В детстве каждое лето мы снимали дачу в Подмосковье. Дачный посёлок у железнодорожной станции с тех пор сохранился в памяти набором чётких открыток, некоторые из которых приходили в движение.
Мама, с красным лицом в капельках пота, в пышной завитой причёске русых волос, шла по песчаной дорожке между гряд клубники, несла по тяжёлой сумке с долгожданными вкусностями.
На горе серого песка в колючих блиндажах из хвойных веточек, в окопах и норах укрыты тёмно-зелёные танки и пушки, – я и кто-то рядом, набрав в левую горсть камешков, расстреливаем вражескую оборону. Брызгами взлетает песок, а от прямых попаданий пластом оседает на блиндажи.

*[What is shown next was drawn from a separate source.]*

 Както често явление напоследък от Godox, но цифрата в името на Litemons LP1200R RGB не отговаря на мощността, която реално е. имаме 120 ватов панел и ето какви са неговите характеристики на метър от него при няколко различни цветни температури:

Открылись глаза. На красных занавесках гномики в синих штанишках и курточках, остроконечных колпаках, что сложились назад под апельсиновой тяжестью помпонов, в апельсиновых гольфах и чёрных курносых ботинках с серебряными пряжками. Один гном тащит сгорбившись вязанку хвороста, другой, стоя на колене, занёс молоток над невидимым гвоздём, третий бросает за спину лопатой землю, четвёртый катит пустую тачку. Красная ткань и синие с оранжевым фигурки гномиков пропитаны светом, и кажется, за окном удивительно и хочется туда. Приподнимаю голову, – щека и ухо припотели к вытянутой по кровати руке, и кожа руки не сразу отпускает их, мгновение ещё держит, оттягивает кончик уха. Сажусь в кровати. В комнате сумрак и душно. Из-за закрытой двери слышу неразборчивый разговор, – говорят тихо, чтобы меня не разбудить, а я уже не сплю, это смешно, я улыбаюсь и решаю выбежать к ним с криком и напугать.

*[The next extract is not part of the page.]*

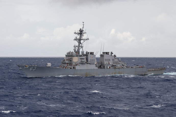 例如2016年10月,美军“迪凯特”号驱逐舰在西沙实施“航行自由”时,中国驱逐舰广州舰和护卫舰洛阳舰对美舰进行识别查证,并予以警告驱离。2016年5月,解放军更是出动两架战斗机、一架警戒机赶赴相关海域,并由驱逐舰广州舰、护卫舰绵阳舰和临汾舰对驶入永暑礁12海里范围的美国驱逐舰“劳伦斯”号进行识别查证和警告驱离。2015年10月,美军“拉森”号驱逐舰在进行类似行动时则被我驱逐舰兰州舰和护卫舰台州舰驱离。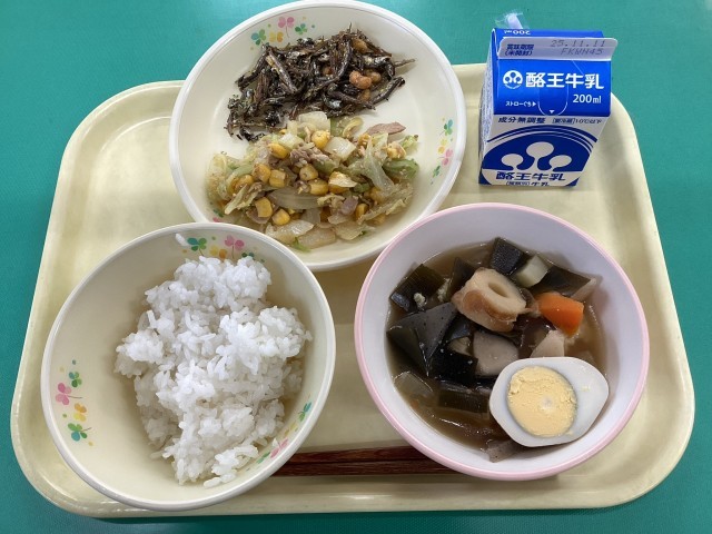 ごはん,牛乳,おでん,青のり小魚,焼き豚入りあえもの

Выбегаю из-за угла последнего дома; за канавой поросшей травой несколько сосен на песчаной подушке осьминогом схватили песок. Песчаный островок огибает, раздваиваясь, тропинка. Слева высокая трава и лес, впереди футбольное поле, ворота из жердей без сетки, в рамке на вытоптанном пятачке уже бегают за мячом ребята, – не успел к началу, – глаза за мгновение наполняются слезами.
После дождя сыро и прохладно. В ночном небе просвечена фонарём крона березы. Шевелятся косы ветвей, воняет клопами, глухо падают с листа на лист тяжёлые дождевые капли, и сухо, почти неслышно, по одному осыпаются клопы.
Вставляю ногу в кожаной сандалии (коричневой, плетёной в решётку из узких ремешков) между воронёных прутьев калитки, другой ногой толкаюсь, и под скрип петель выезжаю со двора на улицу. Улица пустынна, земляная дорога мокрая и скользкая, блестит на солнце, как кожаная спина дельфина. В конце улицы, за огромной мутной лужей, лежат посреди дороги, как сфинксы, чёрная и рыжая дворняги, Валет и Зойка. Пахнет горьким дымом, кто-то жжёт листья. Все уехали, а меня заберут только завтра.
Скучно.
В последние годы я шёл по жизни через череду забот и развлечений, события влекли меня, не требуя решений, и я жил, не в силах остановиться и почувствовать своё место в жизни. Но иногда вспоминался подмосковный посёлок, пустынная платформа с домиком-кассой и зелёными скамьями, и тогда хотелось приехать туда одному, чтобы вновь пережить детство, чтобы успокоиться и понять себя.
Но время шло. Проходило лето, затем осень, завершался год. Вновь наступала весна и вновь проходило длинное лето вдали от моего детства. Но с каждым прожитым годом желание вернуться в прошлое становилось сильнее. Однако и в этом году лето прошло в семейных заботах о сыновьях, осень в работе и путешествии по другим, увлекательным, но незначимым для моей жизни местам. Только в декабре взял отгул и решился на путешествие в детство.
Ехать зимой было бессмысленно. Я и осенью не прожил там ни дня, возвращался в город; в детский сад, в начальную школу. Зимой же, это было очевидно, моё детство уже облетело листвой с голых деревьев, похоронено под сугробами снега, замерло в бездушном воздухе.